The RT patches made something as fundamental and core as "disable
interrupts for spinlocks" be a special magical thing that normal
people weren't allowed to do, and that turned into a sleeping lock.
They affected _everything_. They very literally affected subsystems
and rules that had been there since linux-0.01 (not the spinlocks -
they came later - but things like tty / printk were in fact some of
the very first things written).

And don't get me wrong - I'm not complaining about the RT patches. I
think they improved things enormously in the end. They've been great.

I'm just saying that they are _not_ the norm to compare against.

The sched_ext patches? Not even remotely in the same class. The
sched_ext patches are more like fuse - another filesystem, just a
slightly odd one that has that big user space component.
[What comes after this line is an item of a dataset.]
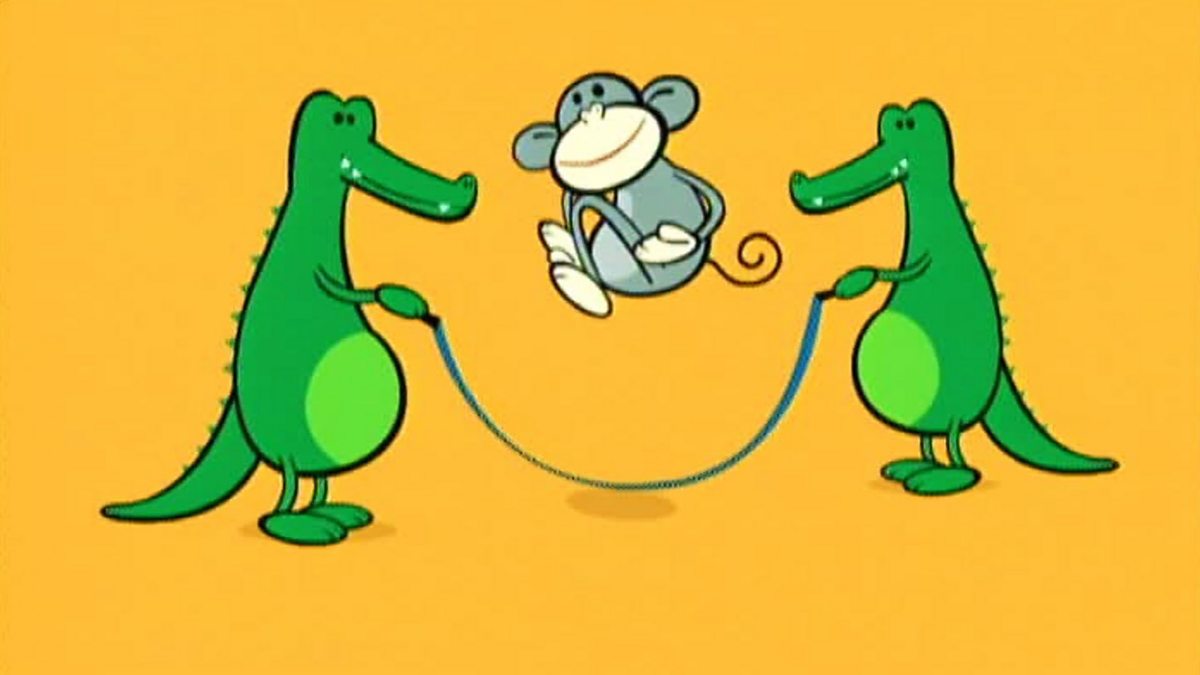 Children's series. Bruno learns to skip with green crocodiles. Let's count how many times he jumps!

And yes, fuse caused worries too because of the whole "filesystem
development in user space" outside the confines of the normal kernel
development model. It mostly just was (and is) a shim-layer that asks
user space for policy, while still using the kernel infrastructure for
most real work. Did those worries actually materialize? No. No they
did not.

Now, fuse to some degree was easier, because while it was merged about
two decades ago, even by that time we already had over a decade of
pluggable filesystems. So the VFS layer had a lot of pluggability
already, and it wasn't very hardcoded.

The scheduler also has the scheduler class pluggability, but it *is*
fairly hardcoded. So in addition to the kinds of issues FUSE had (with
all the "impedance matching" between the kernel interface and the user
level interfaces), the sched_ext patches have some of that hardcoded
pluggability that it needs to fix up.

So maybe a better comparison would be autofs - but autofs was added
_so_ long ago that I only vaguely remember the odd pain points for
waiting for mount points. Over the years, all of that special sauce
that no other filesystem needs has become such an integral part of the
vfs layer that people don't even think about it any more.
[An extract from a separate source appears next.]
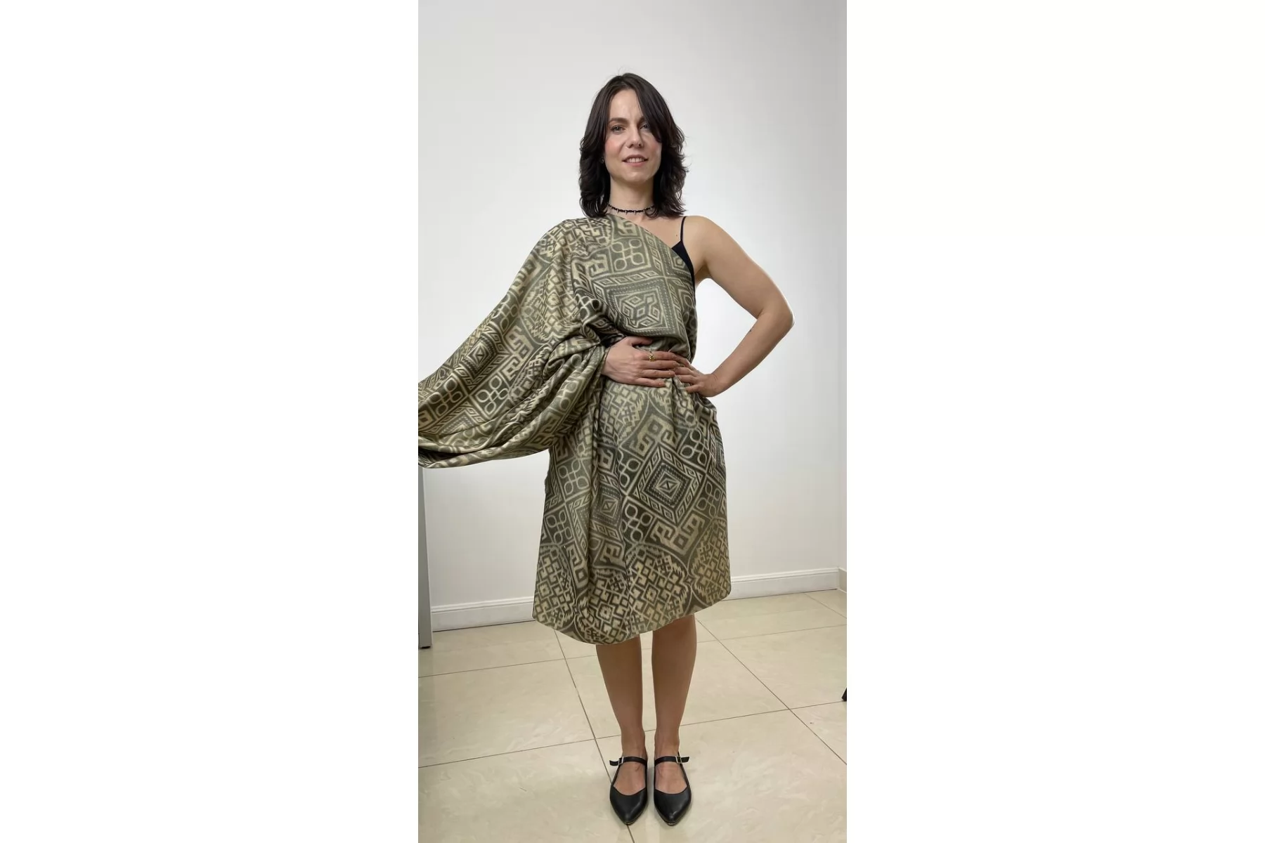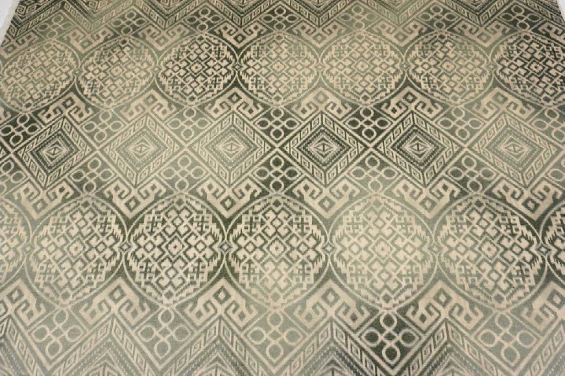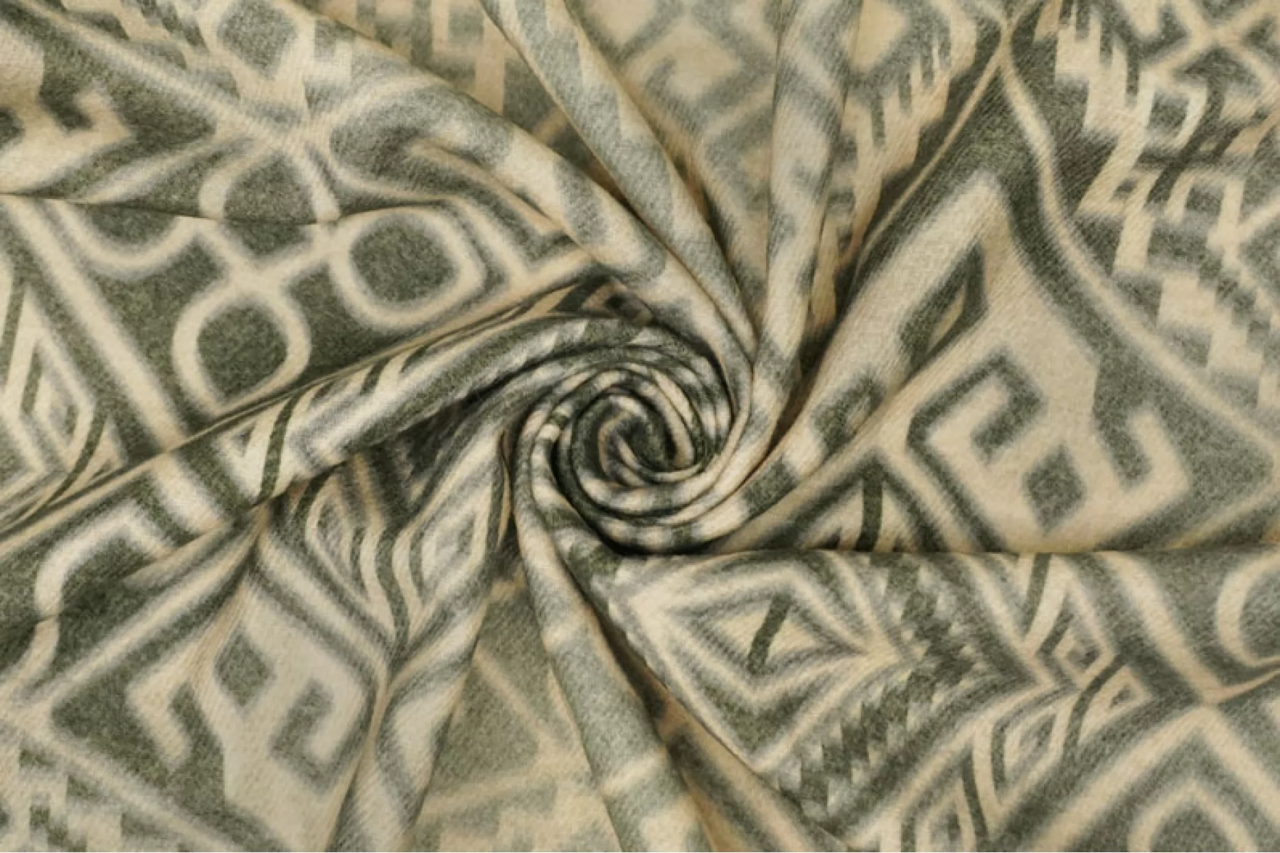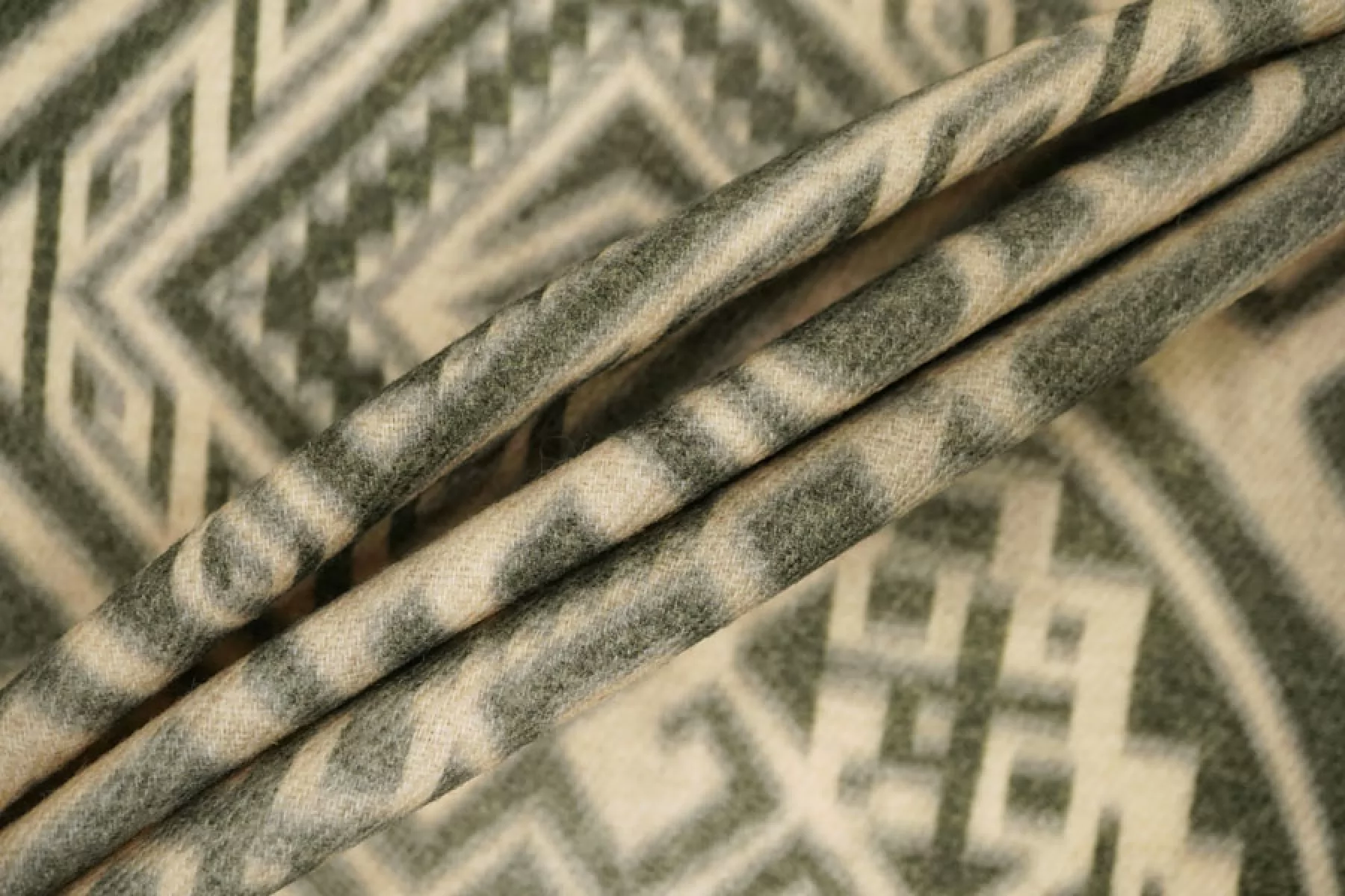 Прекрасная костюмно-плательная шерсть в от бренда ETRO бежево-зеленого оттенка с этническим орнаментом. Шерсть тактильно очень приятная, мягкая, с легким ворсом,не колется. Не мнется. Материал тонкий, но плотный. Совсем слегка тянется благодаря плетению, немного заметен силуэт, если смотреть прямо на просвет. Красива в складках. Отличный вариант для костюмов, теплых платьев, жакетов. Уход за материалом деликатный. При необходимости используйте подкладочный материал.

You can most definitely still see the effects of autofs - as opposed
to "regular" filesystems - on the vfs layer if you go look (things
like "finish_automount()" and friends), but it's been integrated for
so long that it's a non-issue. But back in the day, it all needed what
at the time was some special glue.

Anyway, what I'm saying is that you trying to equate this with the RT
patches is absolutely laughable and intellectually dishonest.
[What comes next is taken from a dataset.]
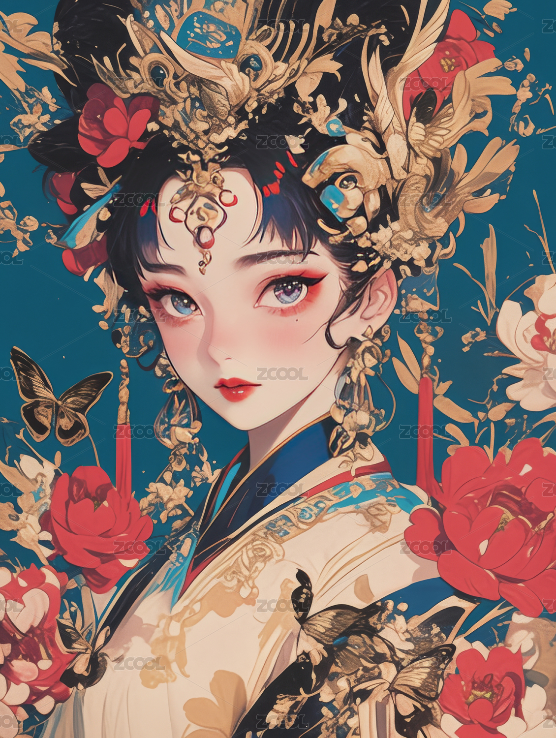 华丽服饰的古典美人

Look, ignoring the actual sched_ext code itself (and the examples,
documentation and test-cases which I certainly hope nobody would
object to), the actual core footprint ot fht sched_ext patches is
this:

 MAINTAINERS                       |  13 +++
 Makefile                          |   8 +-
 drivers/tty/sysrq.c               |   1 +
 include/asm-generic/vmlinux.lds.h |   1 +
 include/linux/cgroup.h            |   4 +-
 include/linux/sched.h             |   5 +
 include/linux/sched/task.h        |   3 +-
 include/uapi/linux/sched.h        |   1 +
 init/init_task.c                  |  12 +++
 kernel/Kconfig.preempt            |  24 +++++
 kernel/fork.c                     |  17 +++-
 kernel/sched/build_policy.c       |  10 ++
 kernel/sched/core.c               | 187 ++++++++++++++++++++++++++++++--------
 kernel/sched/debug.c              |   3 +
 kernel/sched/ext.h                | 114 +++++++++++++++++++++++
 kernel/sched/fair.c               |  21 ++---
 kernel/sched/idle.c               |   2 +
 kernel/sched/sched.h              |  75 ++++++++++++++-
 kernel/sched/syscalls.c           |  26 ++++++
 lib/dump_stack.c                  |   1 +
 20 files changed, 464 insertions(+), 64 deletions(-)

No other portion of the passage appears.